The Doctor smiled beatifically. "That would be telling."
Mulder was frustrated by the answer. Surely his subconscious could come up with a better answer than that. Surely his subconscious had worked out some reasonable explanation for universal genesis. He sighed and turned away. Without knowing the answers, it was just too painful to look at the questions anymore. "Well," he said, his voice huskier than he would have liked, "I guess we'd better get back."
"Back?" the Doctor repeated, still holding him in place. "You've just travelled fifty-six million kilometres to take a walk?"
Mulder twisted around, considering the barren horizon. "Not much left to do, really."
"You're just not looking." The Doctor knelt, tugging him to his knees. "Watch."
Mulder did watch. Nothing was happening. "What?"
"Just watch."
It wasn't that he ever saw anything actually move, but gradually he became aware of something in the sand/snails. Eyes were looking back at him, a face was taking shape, an expression of intent curiosity delineated by drawn down brows and puckered lips, wisps of unkempt hair, stubbled chin. His face. His face being created on the surface of Mars. He was afraid to move, to disturb it, to destroy it.
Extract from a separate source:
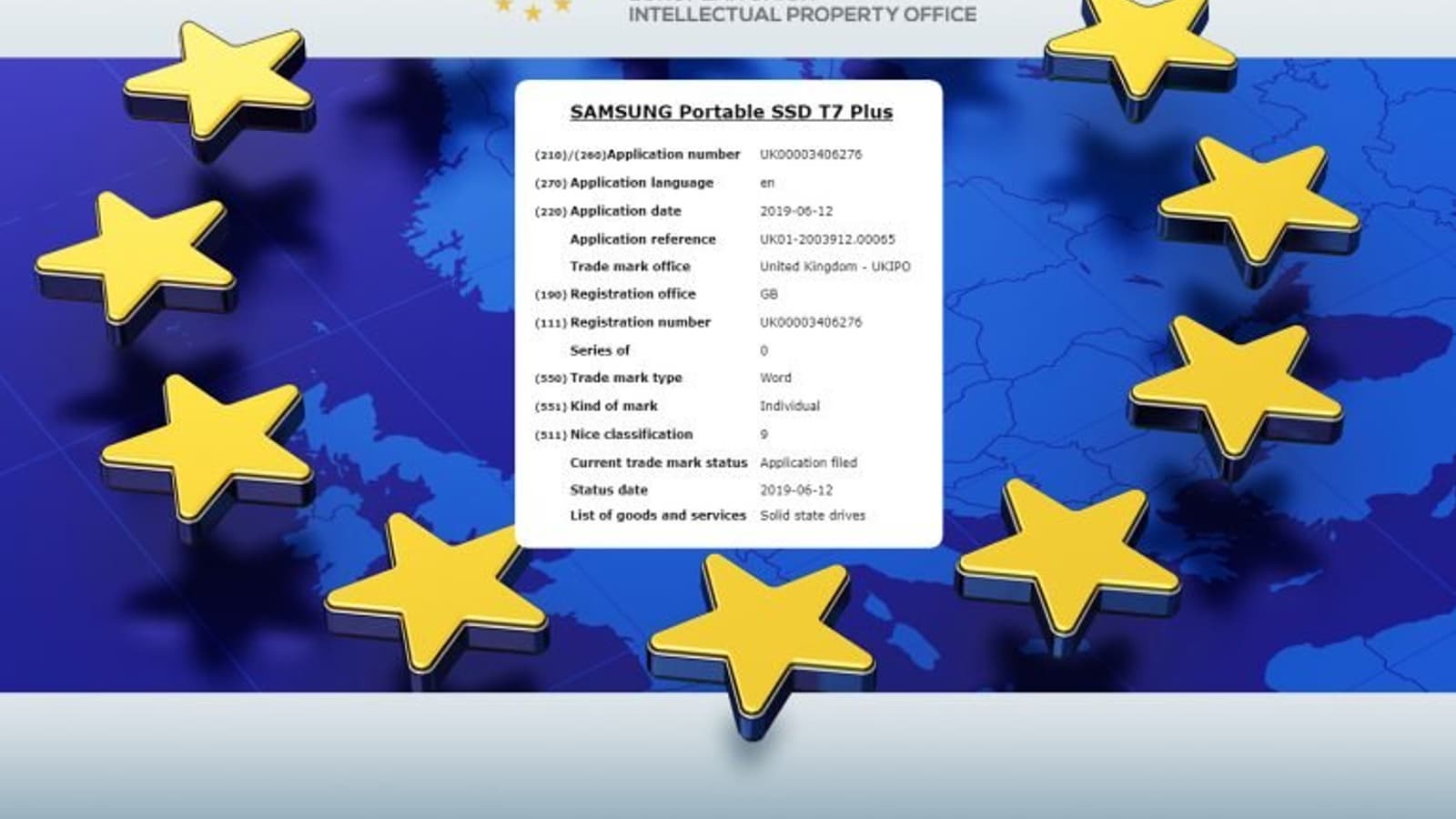 12 июня в Ведомстве по интеллектуальной собственности Великобритании появилась заявка на регистрацию новой торговой марки Samsung Portable SSD T7 Plus. Несмотря на то, что название и так говорит само за себя, в ее описании упоминаются твердотельные накопители и устройства хранения данных.
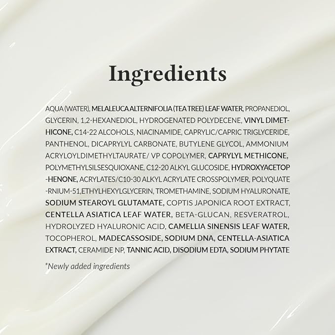 - 5 SOOTHING INGREDIENTS : Care for sensitive skin and red blemishes caused by external factors with Tea Tree Leaf Water and Madecassoside. These calming ingredients can quickly help soothe your skin effectively by providing moisture.

"They're the historians of the universe, they are," the Doctor said softly and respectfully. "Everything they've witnessed, everything they've encountered is somewhere on this planet. Your face is now a permanent archive here."
"You mean...they'll stay like that...forever?"
The Doctor nodded, urging him back to his feet. "It's what they do." The solemn expression broke into a grin. "Fantastic"
"Yeah," Mulder agreed, taking great pains where he put down his feet. "Fantastic."